GIVEN INFORMATION:

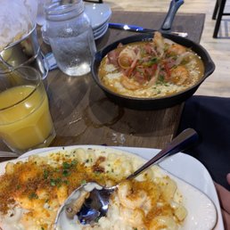 Mother's Day Bunch with my Kids and Grands. This area of Arlington is very nice. Having parking across the street made it very convenient with 2 infants in strollers and a toddler. Surprisingly, the venue was not crowded for our 11:30 reservation. The atmosphere is very bright and open with all the sunshine coming in through the glass windows along with the spacious seating area. For appetizers we ordered Truffle Frites, Pancake Bites Pancakes and French Toast sticks. The Truffle Frites were not seasoned as heavy as I usually like but they were actually quite good. We also ordered 2 bottles of champagne($5 per bottle with weekend brunch) with grapefruit and orange juice. For our main meal, we ordered Chicken and Waffles and Shrimp and Grits. Everything was delicious! The service was amazing and the atmosphere was very relaxing. The babies were even able to sleep. We will be definitely be returning for another good time.
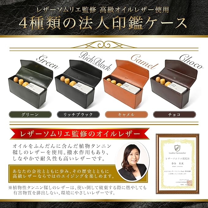 【シンプルな外観、本革の高級感】法人印鑑ケースは契約や商談などビジネスの重要な場で使われるものだからこそ、上質な牛革(オイルレザー)をふんだんに使用して作り上げました。熟練の革職人が細部までこだわりを持って、一つひとつ手作りで仕上げた逸品です。「会社の大切な印鑑をきちんと守りたい」「長く使うものだからこそ高級な素材で」「会社の歴史と共に歩んでいく」そんな思いが詰まった印鑑ケースです。
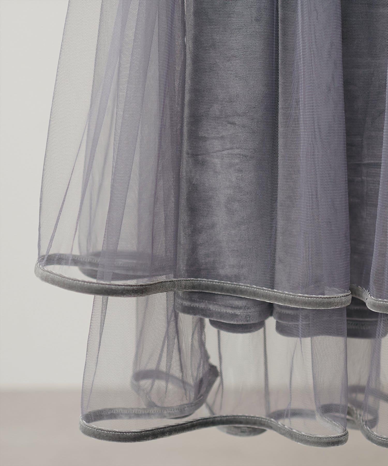 生地感:柔らかなチュール素材と滑らかなベロア生地
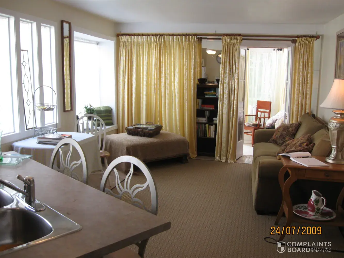 When they left they had damaged the sheets with bleach, taken all the toilet roles in the storage cupboard and chipped paint off the stairs and damaged other thing to make our lovely place look bad. They took pictures of inside storage closets and made a mess of our deck furniture. and all the bad pictures which are staged they put on trip advisor with a horedous complaint. We tried many tines to tell trip advisor that their story was not true but trip advisor kept sending back my emails and not alloing me to defend my lovely B&B Cottage.
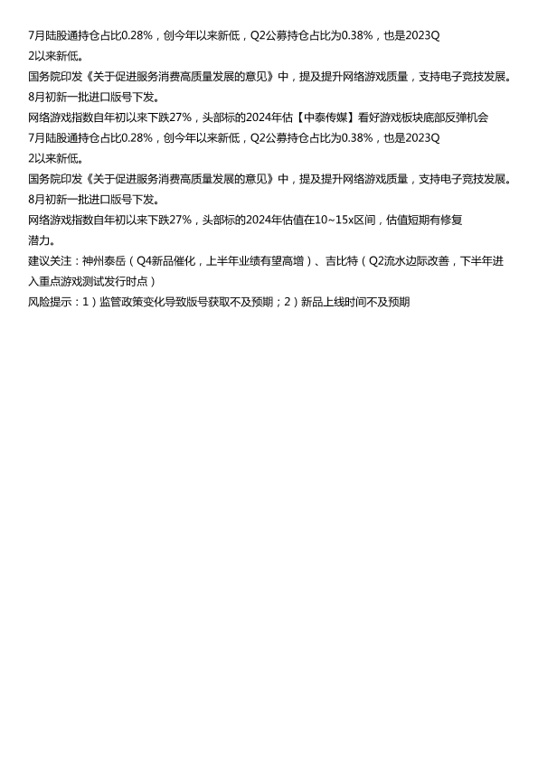 【中泰证券】【2023】中泰传媒看好游戏板块底部反弹机会7月陆股通持仓占比0-1页
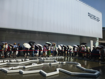 ベルギー館。写真の一番下はベルギーの地図で、大きく手前と向う(行列に並ぶ人たちの下側)の2つにわかれているが、オランダ語地域(フランドル)とフランス語地域を表しているという。 並び方を見誤り、ここは40分ほど並んだ。 |
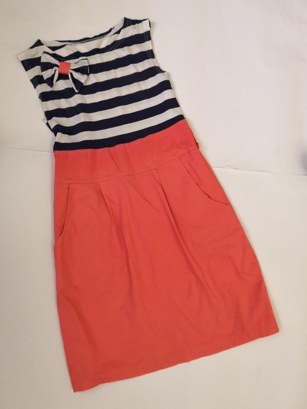 Красивое платьеце с карманами для девочки 11-13 лет. Длина 78 см, плечи 32 см, полуобхват груди 37 см, полуобхват талии 32 см (сзади в поясе есть лёгкая резиночка). Цвет как на фото. С обеих сторон есть карманчики. Спереди есть ньюансы: маленькие пятнышка, смотрите фото 4,5. Бирка с составом срезана, но ткань приятная к телу. Платье смотрится стильно и красиво.
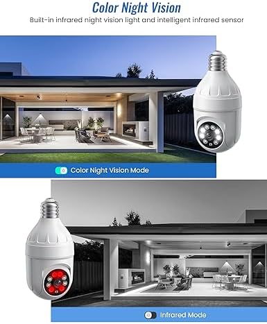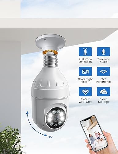 1080p Wireless Bulb Security Camera, 355° Panoramic Dome Cam, Live View, Indoor/Outdoor Surveillance, AI Human Detection, 2-Way Audio, Color Night Vision, Cloud Storage, Spotlights
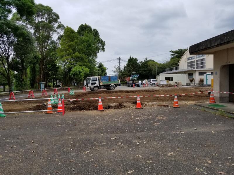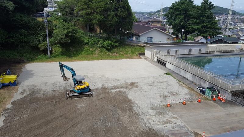 管理棟建替えに伴い、図工室跡地が整備され、7月中旬から北側駐車場になります。
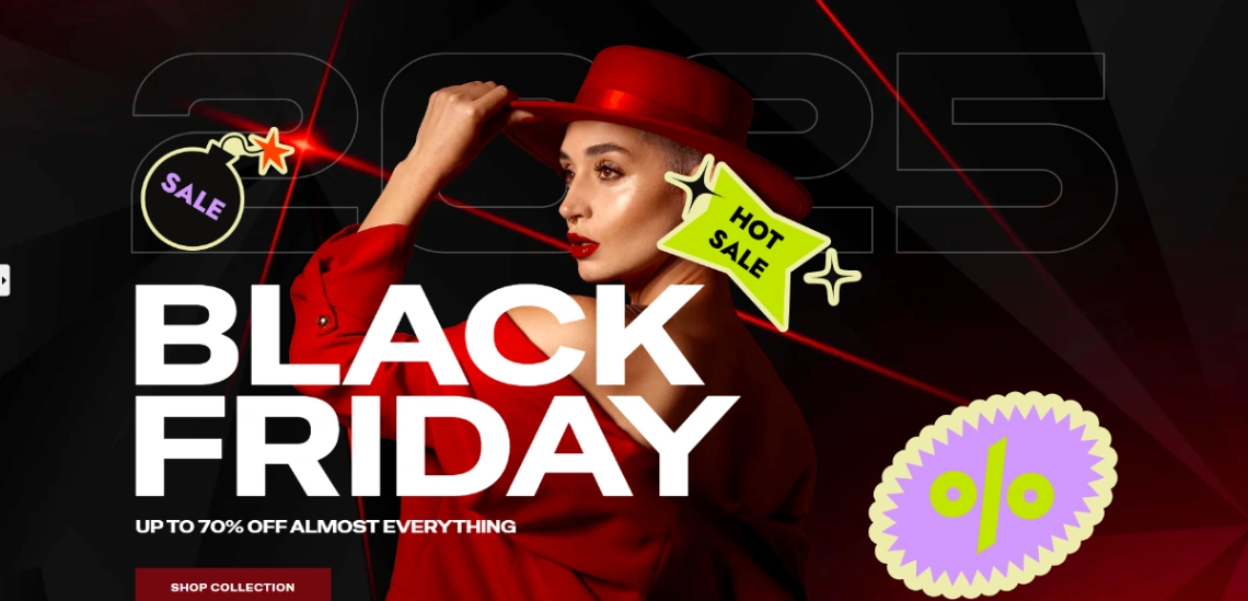 High-converting Black Friday landing page for fashion ecommerce. Features hero banner, countdown timers, featured sales, flash sale section, product recommendations, spinning wheel promo, and FAQ.
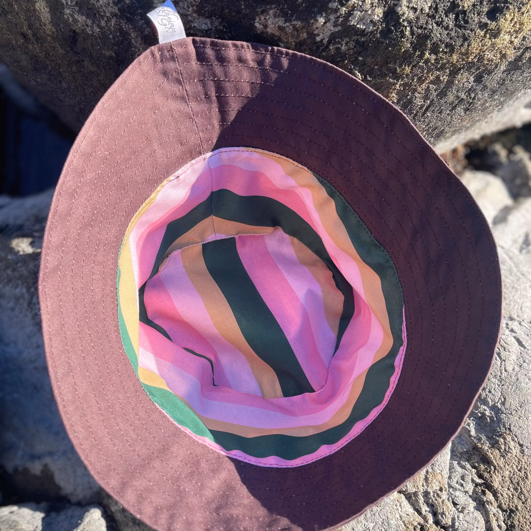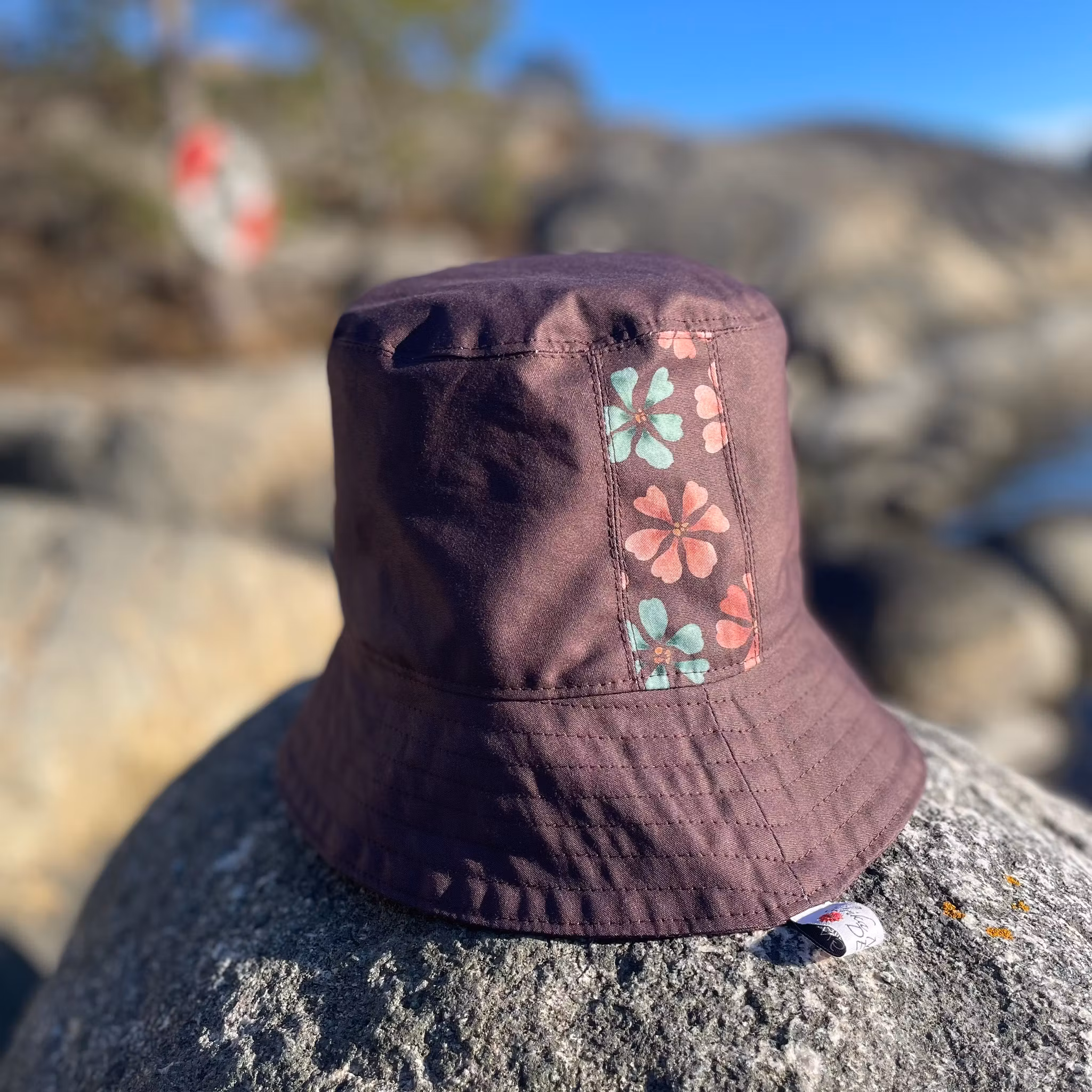 Material och storlek: Hatten är sydd av min canvas (185 g/m2) och passar dig som mäter 58 cm kring huvudets bredaste ställe. Den kan även passa dig med ett något mindre huvud, om du trivs bäst med en lösare passform på din hatt. Fodret i hattens kulle är sytt av ett av mig designat randigt mönster i min GOTS-certifierade percale. (156 g/m2) Hatten är sydd utan mellanlägg och känns mjuk och sval på huvudet.
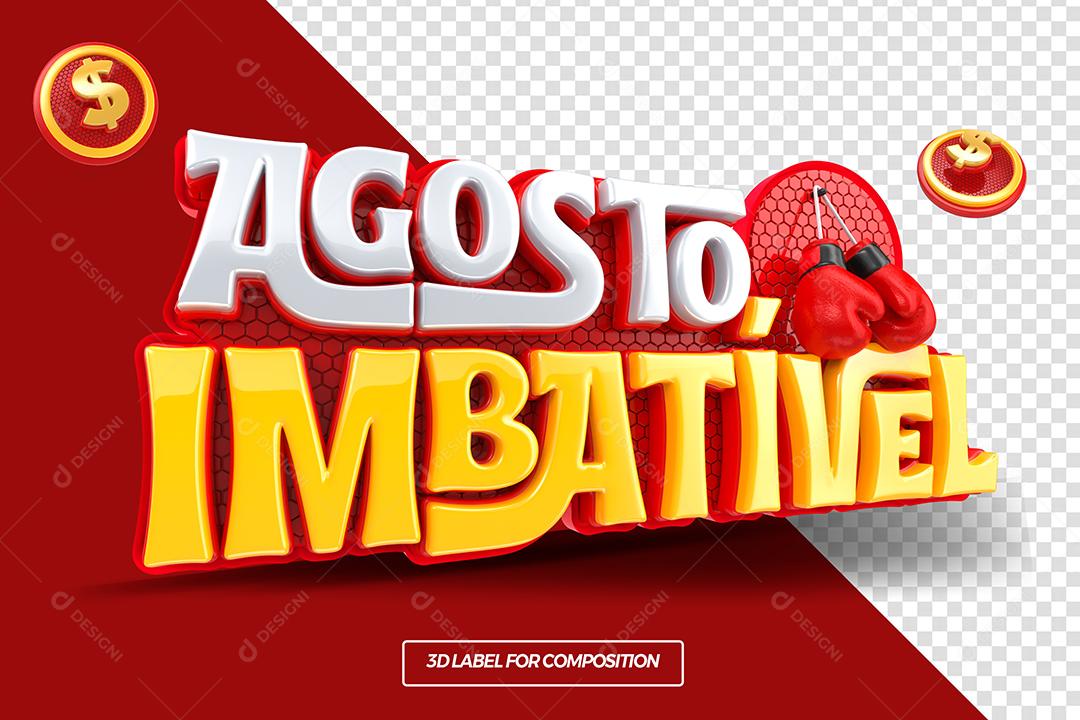 Selo 3D Agosto Imbatível Vermelho para Composição PSD
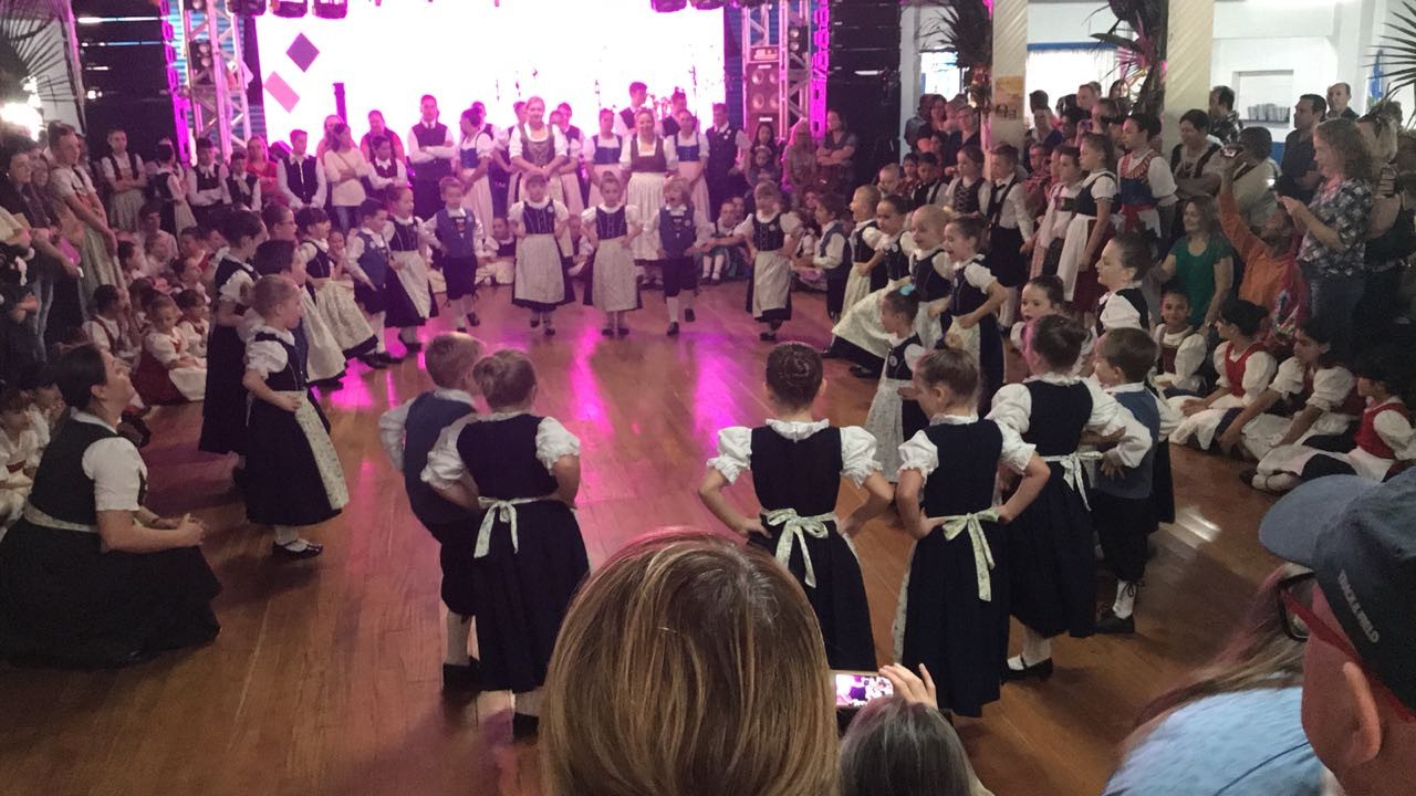A apresentação aconteceu no dia 21/07 na 34ª Kolonistenfest – Festo do Colono na Sociedade Aliança, onde o Grupo Folclórico Grunes Tal estava promovendo o 3 Encontro de Grupos Folclóricos Infantis que reuniu mais de 150 crianças e jovens folcloristas.
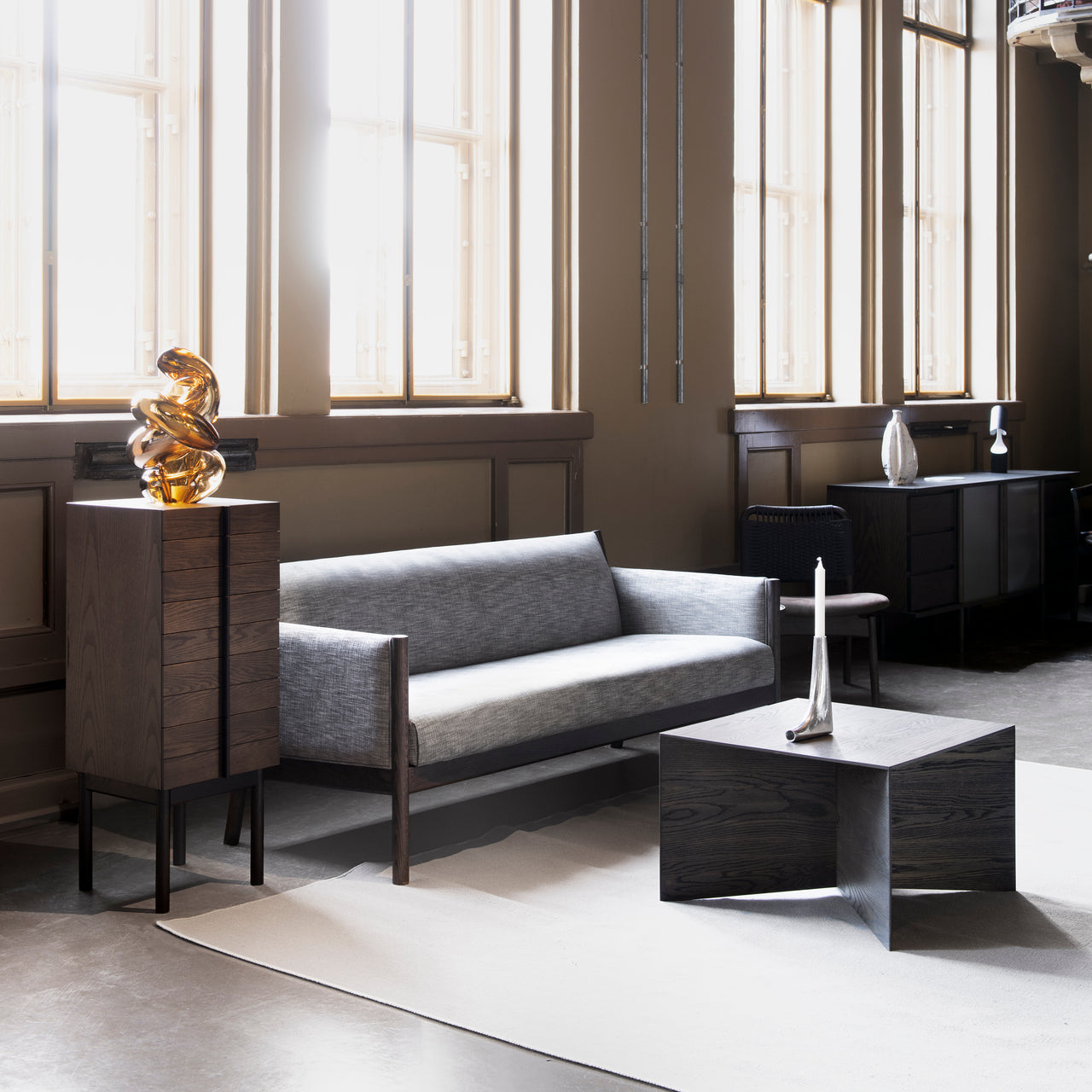 The word "Rin" translates to "dignity" in Japanese, which is reflected in the sofa's design. Its light structure highlights the natural beauty of solid wood, and the sofa is intentionally lifted off the ground, creating an illusion of space. The Rin Sofa is available in both one-seater and three-seater versions. Available in a range of stocked fabrics.
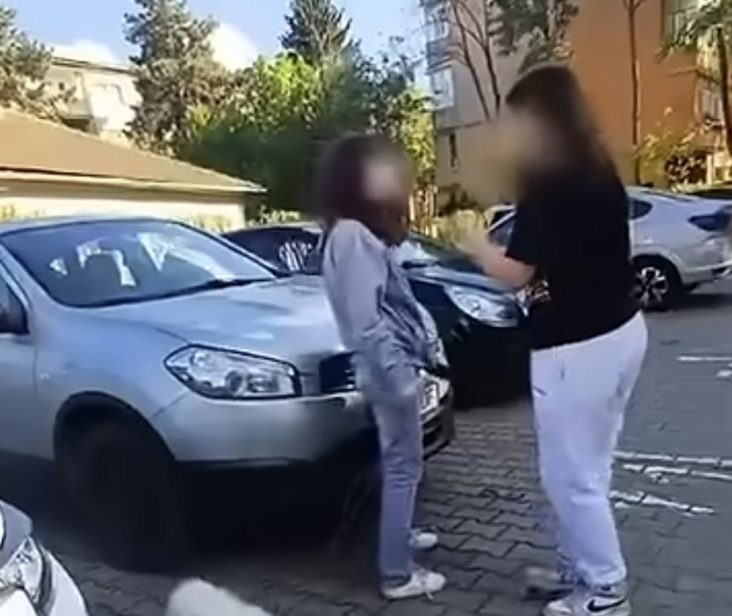 În imagini se vede cum o tânără loveşte cu sălbăticie o fată, care pare minoră şi care are în lesă un câine.
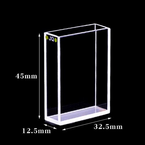Quartz Long Pathlength Cuvette, 4 Clear Windows, Volume: 10.5 mL, Outer Dim(HxWxD): 32.5 x 12.5 x 45mm, Path Length: 30mm, Inner Width: 30mm, Wavelength: 190– 2500nm, Fabrication: Fused, with Lid, Packing: 1pc/ea, PN: QG24204-4

TASK STATEMENT: Give exactly the lines above that run from the line with "Selo 3D Agosto" to the line with "A apresentação aconteceu", both included, leaving every picture out.

RESULT OF THE EXERCISE:
 Selo 3D Agosto Imbatível Vermelho para Composição PSD
A apresentação aconteceu no dia 21/07 na 34ª Kolonistenfest – Festo do Colono na Sociedade Aliança, onde o Grupo Folclórico Grunes Tal estava promovendo o 3 Encontro de Grupos Folclóricos Infantis que reuniu mais de 150 crianças e jovens folcloristas.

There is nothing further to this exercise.